Pakistan's state-run broadcaster asked AIR for the historic speech in which Jinnah had said people could follow any religion without state interference.

Jinnah had addressed the Constituent Assembly on 11 August 1947, three days before the creation of Pakistan.

Pakistani officials said they had first contacted the BBC for the speech.

Murtaza Solangi, the director general of Pakistan Broadcasting Corporation, told Press Trust of India that the British broadcaster was unable to locate it in its extensive archives.

"I had received a call from Pakistan Broadcasting Corporation asking for a recording done on a certain date, but we don't have the tape with us," AIR director general LD Mandloi told the BBC.

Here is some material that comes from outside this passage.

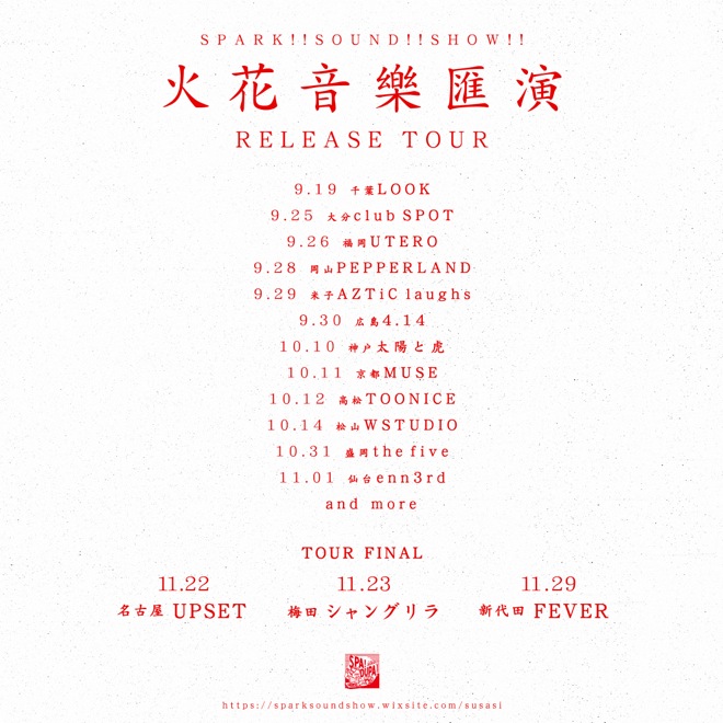 このミュージックビデオ公開にともなって最新アーティスト写真が発表となったことに加え、9月19日の千葉LOOKを皮切りに全国ツアー<火花音楽匯演RELEASE TOUR>が開催されることも明らかとなっている。
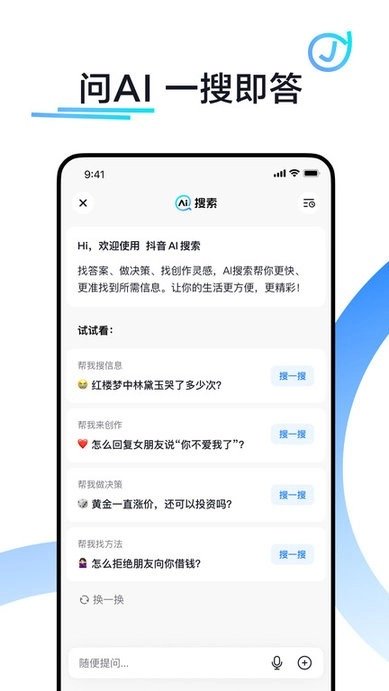 抖音搜索「AI搜」功能已全新上线!更丝滑快捷的搜索体验,尽在抖音搜索。

"We will inform the Prasar Bharati [Indian government broadcasting authority] and it is up to them to take it forward and inform Pakistan," he said.

Earlier, Mr Solangi had told PTI: "This [Jinnah] speech is very important for people who want to direct the country [Pakistan] to the goal of a modern, pluralistic, democratic state."

In the speech, Jinnah is reported to have said: "You are free; you are free to go to your temples, you are free to go to your mosques or to any other place of worship in this state of Pakistan.

"You may belong to any religion or caste or creed, that has nothing to do with the business of the state."

Mr Solangi says in 1947, radio stations in what is now Pakistan did not have proper recording facilities and hence they do not have a copy of the historic speech.